A single result in a show means very little - you will go under all-rounders and breed specialists and then gundog specialists who will sit inbetween the others - I can remember when I started showing my eldest show girl - she had a couple of OK results, then at 8 months, she swept the board under a gundog specialist winning Best of Breed, Best AV Gundog puppy, Best AV Gundog Open, last 8 in Best in Show and Best puppy in show - the following day we went to another show and got 4th out of 4 - the joys of showing :lol: she didn't fully mature till she was 2.5 so we had a long wait (then in her prime, she went and badly injured her leg  )

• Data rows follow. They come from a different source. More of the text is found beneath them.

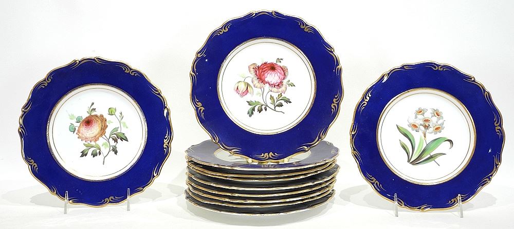 LOT 193 Mid 19th C. China Dessert Service Pattern 1821, Cobalt & Floral Compote, 8 1/4 x 14 1/2 x Estimate: $300 - $500 Auction Date: Tuesday, April 08 2025 at 4:00 PM
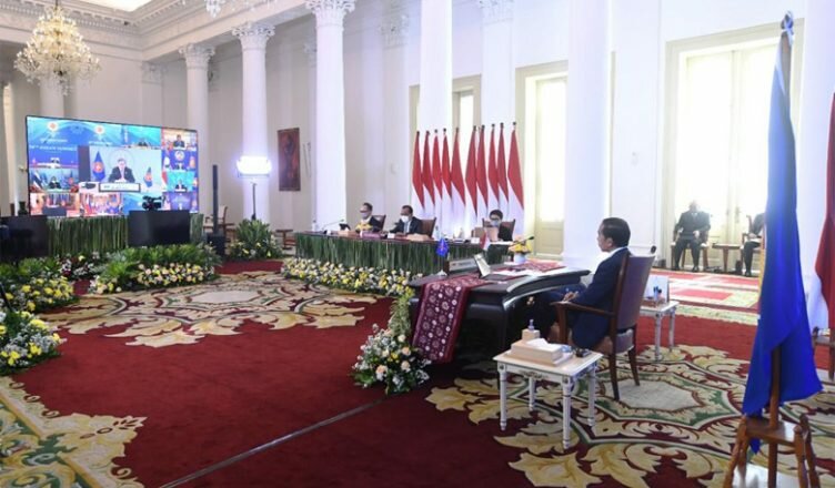 Digelar secara virtual, Selasa (26/10), pemimpin junta militer Myanmar dikecualikan dalam pertemuan tersebut. Presiden AS Joe Biden dilaporkan akan hadir. Presiden Jokowi hadir di Istana Bogor Selasa, 26/10/2021 ( foto setpres).
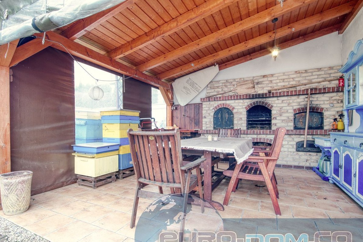 Strefa relaksu – zadaszona część wypoczynkowa wyposażona w solidny piec do pizzy, stanowisko grillowe i wędzarnię z osobnym paleniskiem do wędzenia na zimno. Na zimę – rolowane foliołe ściany do osłony przed niepogodą.
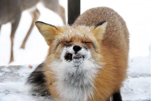 Red foxIt is nice to again be seeing the fox enjoy his mini-muffin treats. He eats other foods, too, and carries a lot of them far off to cache for another day, but muffins are the only thing that makes him tilt his nose up, close his eyes, and get lost in the enjoyment of chewing.
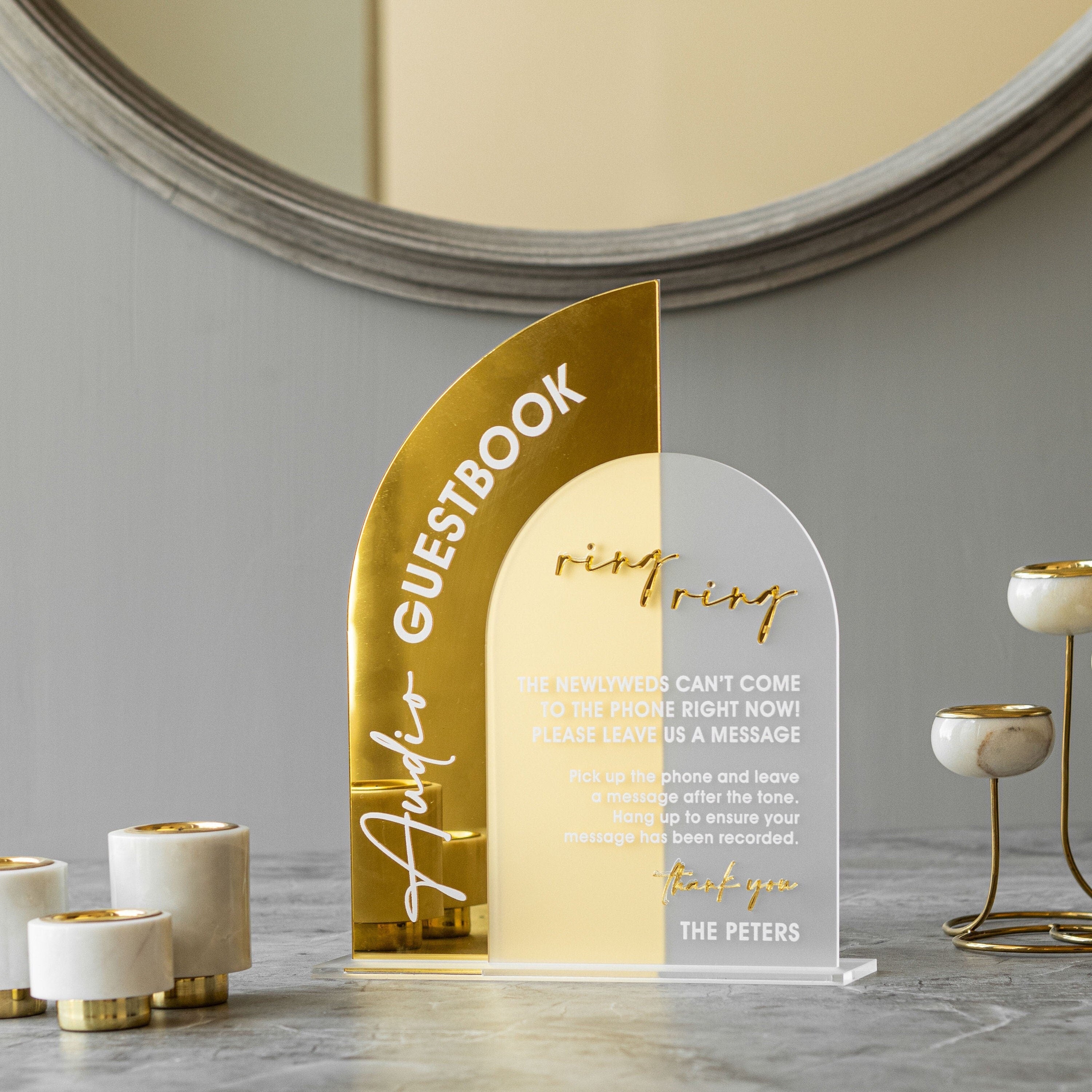 Audio Guestbook Sign, Wedding Guestbook Sign, Telephone Guest Book Sign, Wedding Reception Decor, Wedding Signage, Gold Mirror Wedding Signs
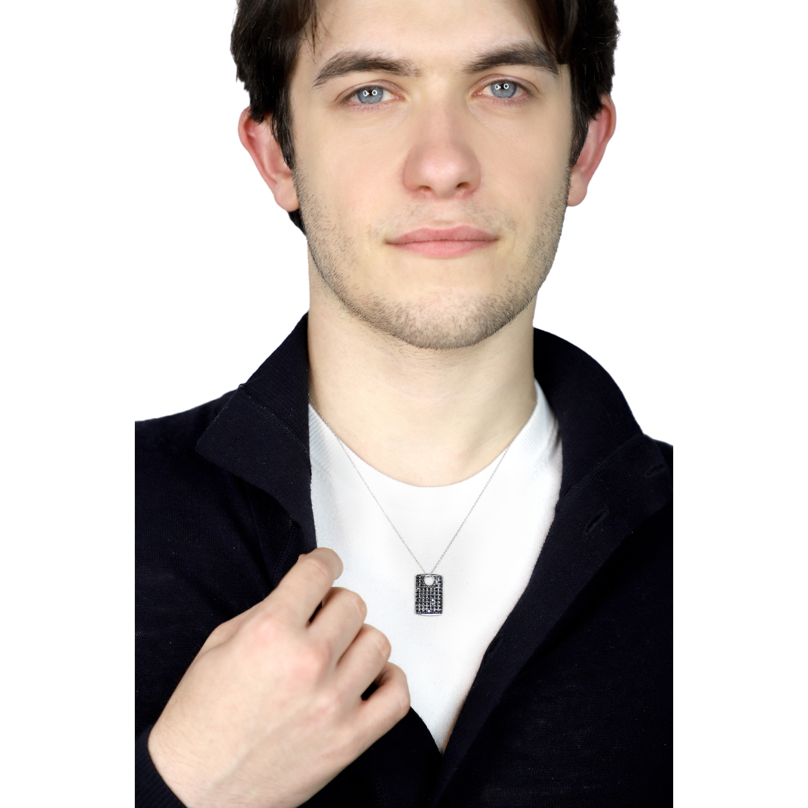 Collana in oro bianco 18k con ciondolo pavè in diamanti neri
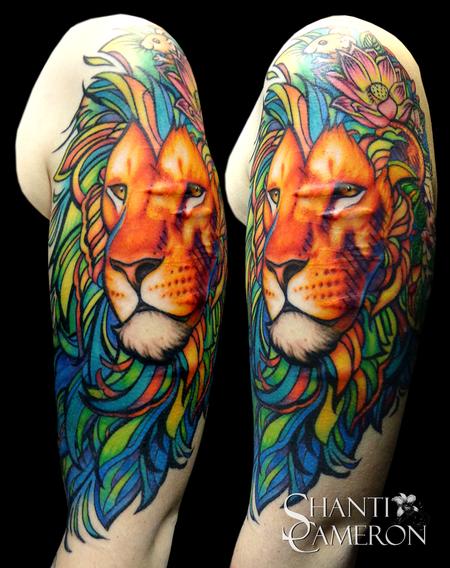 This is an in-progress shot of an amazingly colorful lion half-sleeve that is also a cover-up of an old tattoo and heavy scarring (in different locations). She had a rough idea of what she wanted, and let me run with it...talk about fun!

Open shows have closing dates from an absolute minimum of 2 weeks (KC ruling) up to 6/7 weeks - and if you are intending to start soon, then start looking at shows now because closing dates will tend to extend over the spring and summer period as printers get busier etc etc - same for Limit shows - and both are usually very reasonably priced to enter - if you are enteirng Limit shows, then you have to pay up as a member when you enter (usually no more than a pound or two)

You may well have said how old your girl is - my apologies if I have missed it - but if you do want to show and your girl is still young, then wait for her to mature and have at least one season (and possibly two) before you neuter her - the girl I was talking about above had two seasons before she really came into her own.


----------



## CockersIndie (Dec 14, 2011)

that's ok- i am all new to this so it's great to be learning!thanks for all that advice swarthy- im definitely going to have a dabble! she's 7 months at the moment, and we're definitely going to let her have at least one season, if not two, depending on how she matures. 

the breeder herself didnt show so her mum wasn't a show dog. but her dad had moderate successes, think was RCC welsh gundog etc so she has some 'show' blood which was what made me think she might have some potential and it would be a shame not to dabble and see! 

but yes i do now realise the different levels of judging etc so i'll see how she takes to classes and the ring to start with and then progress onto open shows. it's nice to hear your bitch did so well! i've found a ringcraft class really close to me so i've just to organise myself and get down there! it's all very daunting though!


----------